What do you look for in a designer?: Yves Béhar and Josh Morenstein, Fuseproject
Yves Béhar is the founder of fuseproject, an integrated design agency dedicated to the development of the emotional experience of brands through story-telling. The diverse experience and mediums practiced by the fuseproject design teams span products, environments, graphics, packaging, apparel and strategy. Béhar's designs and creative positioning is contributing to areas as diverse as technology, furniture, sports, lifestyle and fashion, for clients such as Herman Miller, MINI, Nike, Cassina, Microsoft, Hussein Chalayan, Swarovski, Birkenstock, Toshiba, Sony, One Laptop Per Child, Target and Coca Cola.
Josh Morenstein is the design director of fuseproject, heading up the design studio and playing an active role in the creative direction of all projects. His category leading work for clients such as Lufthansa, Palm, Nokia, Epson, and Puma have established him as an expert in the marrying of form with function, and of brand with product. A second generation Industrial Designer, Josh has held senior positions at Frog Design and New Deal Design.
1. What do you look for when hiring a designer?
YVES: At fuseproject, I leave the responsibility of a first interview to the design director Josh Morenstein and some the senior designers and creative leaders. For me it is critical that the team feels right about a new designer coming in, from both an ability standpoint, and a personality standpoint.
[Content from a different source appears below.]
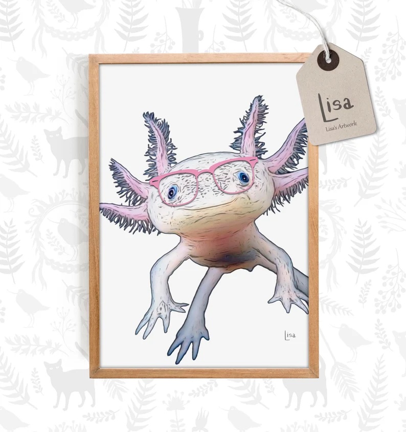 Axolotl salamander animal with glasses, cute axolotl, axolotl art, printable wall art, animal print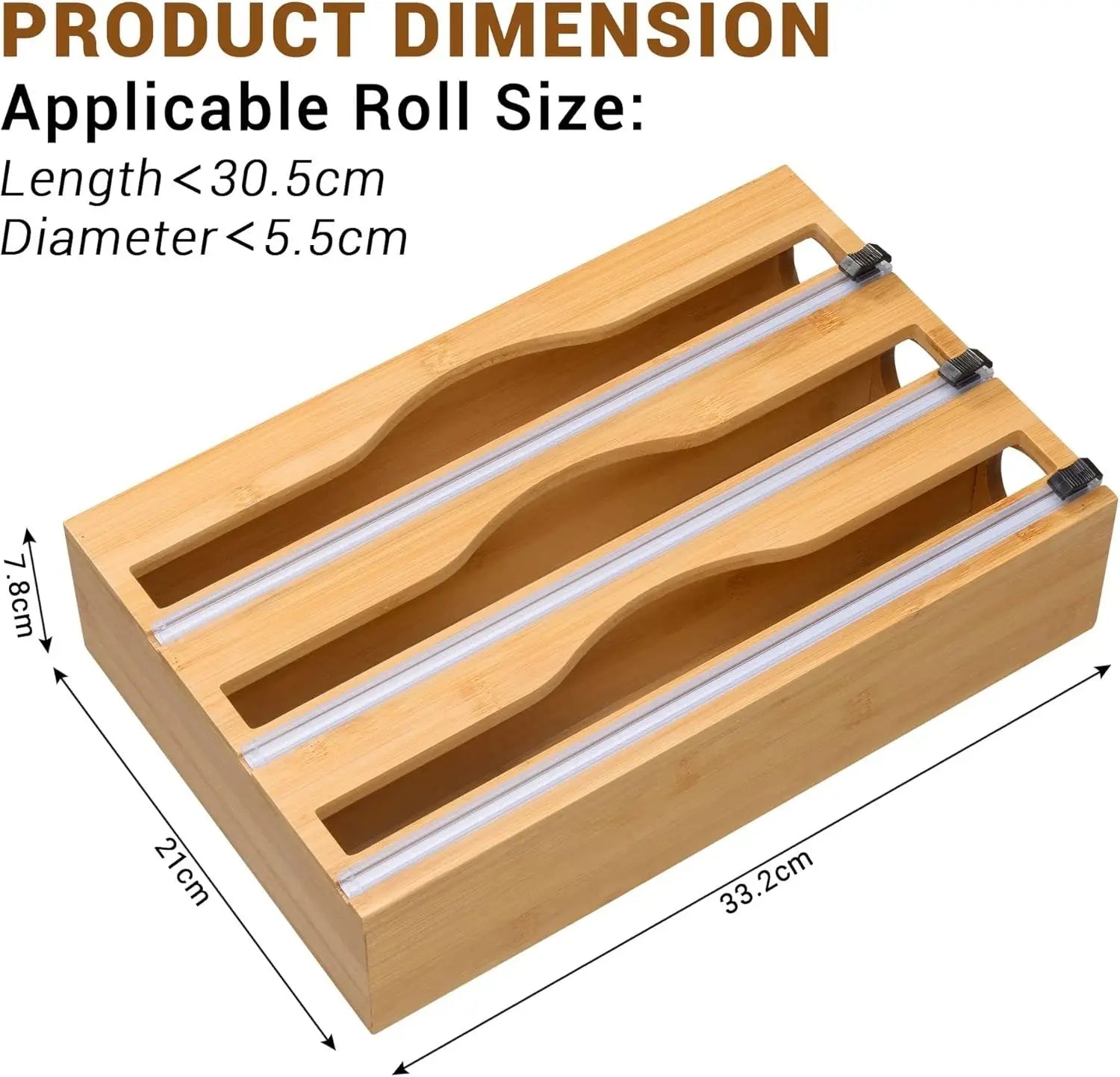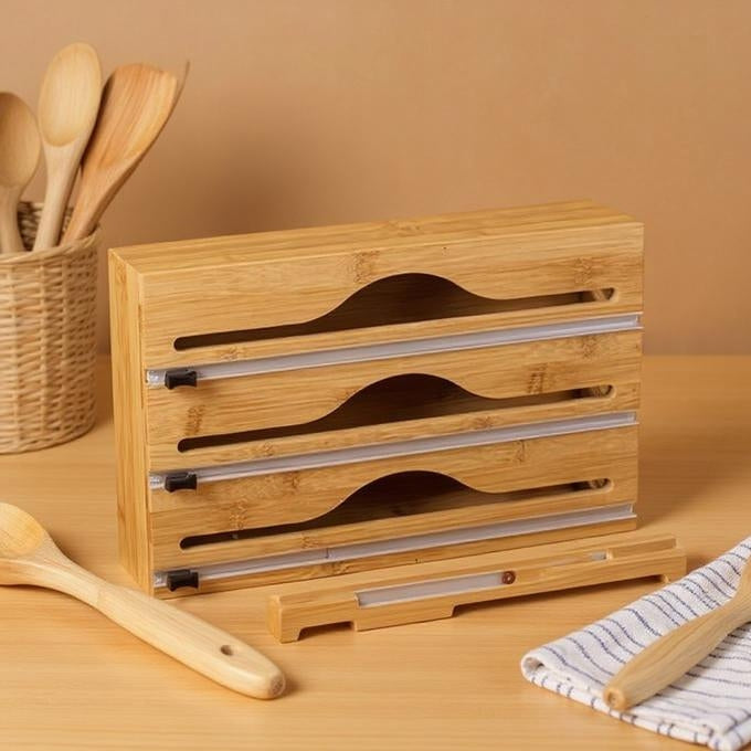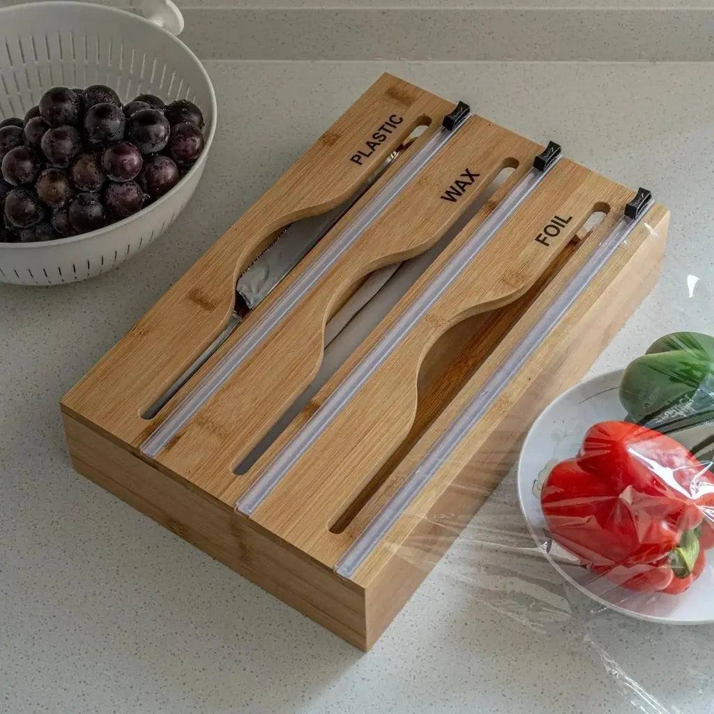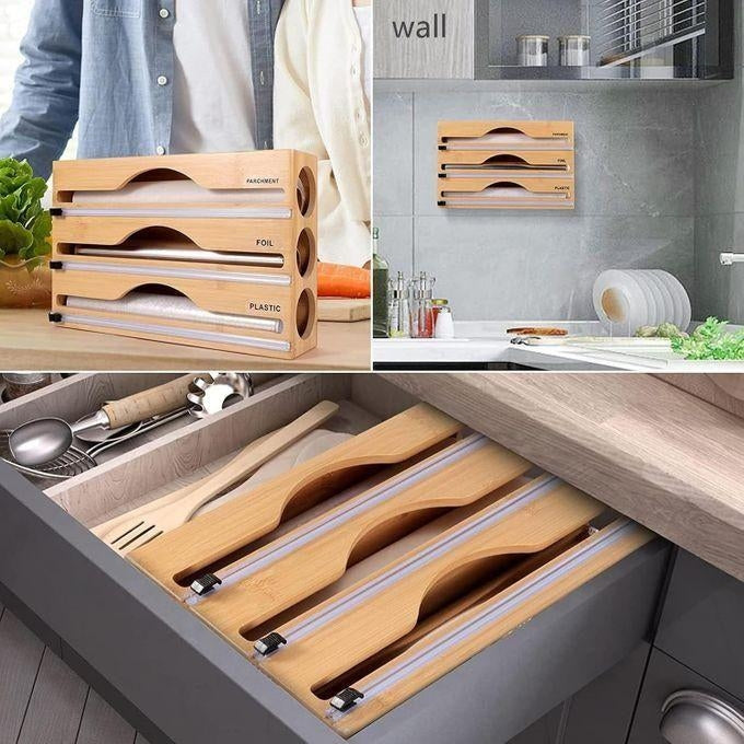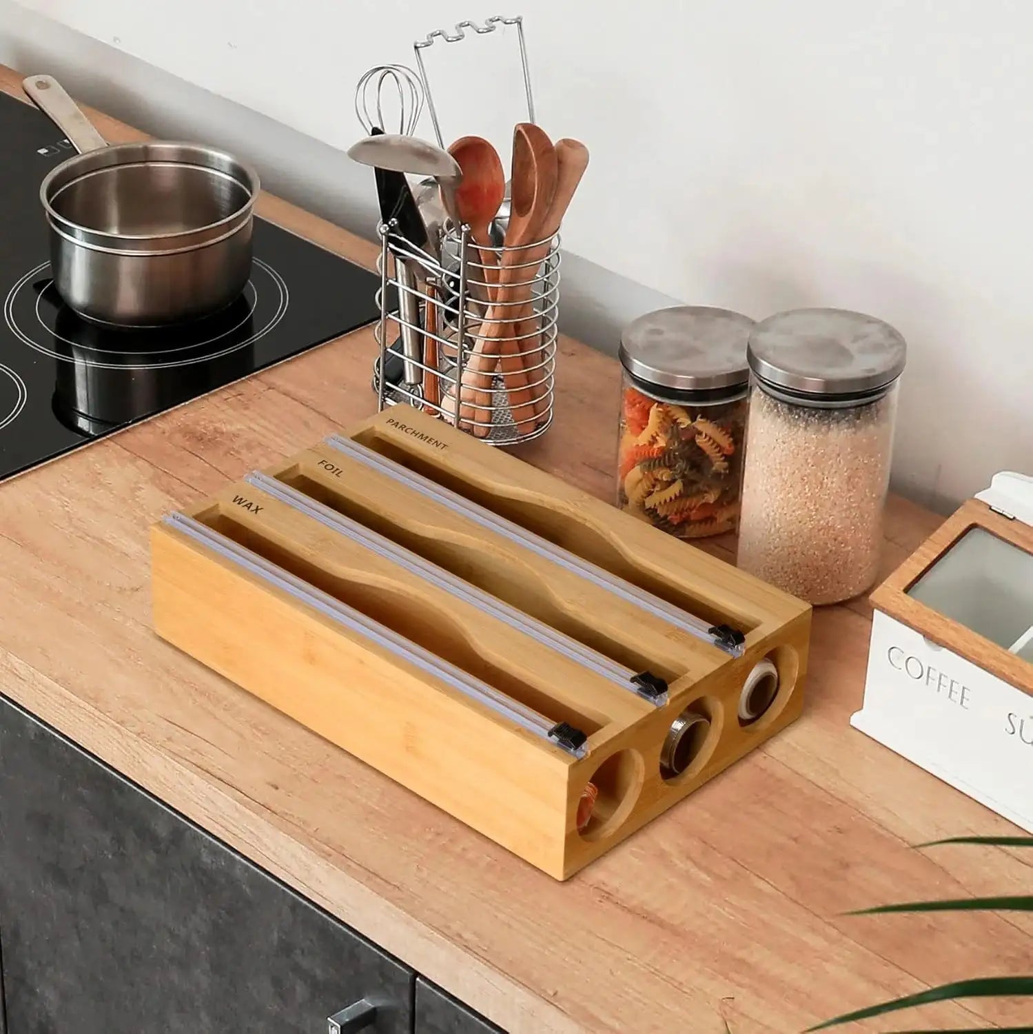 موزع أوراق المطبخ 3 في 1 من خشب البامبو الطبيعي

When I come in on the second interview, I assume the team feels strongly that the person is a good designer, and that the skills are impressive. My personal interest is to find somebody who will bring something new to the mix--this is critical as the team is very diverse. That unique trait can be a skill that clearly jumps out of the portfolio, a willingness to explore and experiment in areas we are not participating in yet but would like to, an area of personal interest and insight which could translate into an interesting design approach.
JOSH: We're very hands on here: sketching, sewing, building...much of our design work takes experimentation. I'm always looking out for a portfolio that exhibits this type of interest or capacity. Also, I'm drawn to dynamic people--the ability to communicate not just visually but verbally is key.
2. Is there a particular "tell" that signals a good or bad fit?
YVES: This might be useful: Somebody showing up in a 3-piece suit and tie...somebody showing up in flip-flops...somewhere in the middle is right.
JOSH: I especially look for people who wear a 3 piece suit with flip-flops.
3. What is your best interview horror story?
YVES: One guy showed up with 3 of fuseproject's portfolio products perfectly replicated in 3-D, it was so accurate, even though it was modeled after images. At first I was scared...and then we hired him because of the valuable 3-D skill!
JOSH: Most interviews are pretty 'normal.' That said, I remember early in my career when I went in for an interview late one afternoon. They hired me on the spot and 'asked' if I could work that day. My first day turned into my first morning. I left that interview at 5am the next day.
4. What is the single most valuable piece of advice you could give to those on the hunt?
YVES: Have a point of view that translates into your work. Engage into a dialogue, not a diatribe.
JOSH: Be able to talk about and show excitement for your work; If you're not excited about it, we probably won't be either.